В тот день я усомнилась в вердикте. Хотя он столь стремительно увлек меня за собой, он казался столь же неуверенным, как и я. Наш разговор напоминал матч между двумя спотыкающимися игроками: серия подач то и дело утыкалась в невидимую сетку. Мои ответы с каждой секундой становились все глупее. Ненавидя себя и страстно желая обладать даром Констанцы взрываться градом фейерверков умных словес, я чувствовала, что беспомощно тону в односложных ответах. И в эту минуту, глянув в сторону, он повернулся ко мне. Он сделал это так стремительно, что я не успела отвести взгляда. Наши глаза встретились.
Вот тогда, наверно, я в первый раз и увидела его по-настоящему. И глаз отвести я уж больше не могла – похоже, как и он. Вроде он произнес мое имя и прервался. Его рука, которая лежала на столе рядом с моей, непроизвольно дернулась и застыла на месте.
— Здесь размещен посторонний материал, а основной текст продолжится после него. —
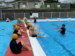 昨日までの雨が上がり、2校時に1・2年生、3校時に3・4年生が体育科の授業で、水遊び・水泳運動に取り組みました。
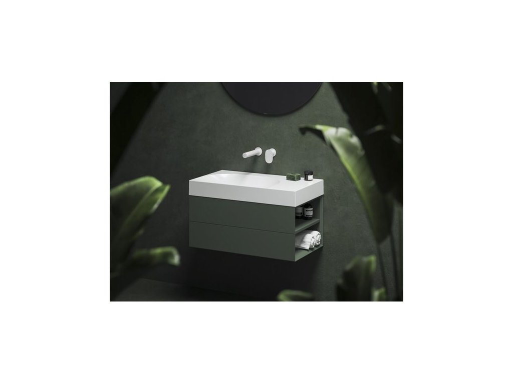 Hrany nábytku Lite jsou zkosené pod úhlem 45 stupňů a dokonale na sebe navazují. Precizní barevný vícevrstvý nástřik dodává skříňce dokonalý efekt povrchu. Otevírání zásuvek je vyřešeno bez použití viditelného madla. Zásuvky skříněk pod umyvadlo jsou vybaveny kvalitním systémem automatického dovření s pomalým dojezdem.

На лице его не было ни следа скуки или поглощенности другими заботами, равнодушия или враждебности: это смутило меня. Выражение его сначала было полно напряженности, потом неожиданной радости, а потом он посерьезнел. Кажется, он ждал, чтобы я заговорила; когда я продолжала молчать, то увидела, что его лицо изменилось.
Есть такое выражение: «читать по лицу». Загадочный процесс. Когда мы читаем таким образом, какой грамматикой пользуемся, какие предложения складываем? Черты его лица не изменились, он больше не говорил и не шевелился; и, тем не менее я видела, как изменилось его лицо. Какая-то печаль во взгляде; переход от собранности к грусти, а затем попытка скрыть ее напускным оживлением. Все это мне стало ясно за одну-две секунды; после этого он заговорил.
Я чувствовала, что он был готов заговорить об одном, но передумал и перешел к другой теме. Не помню сейчас, чему она была посвящена. Это неважно. Он говорил, чтобы говорить, чтобы поставить барьер из слов между мной и своими мыслями. Когда он заговорил, я стала слушать – не то, что он говорил, а его голос.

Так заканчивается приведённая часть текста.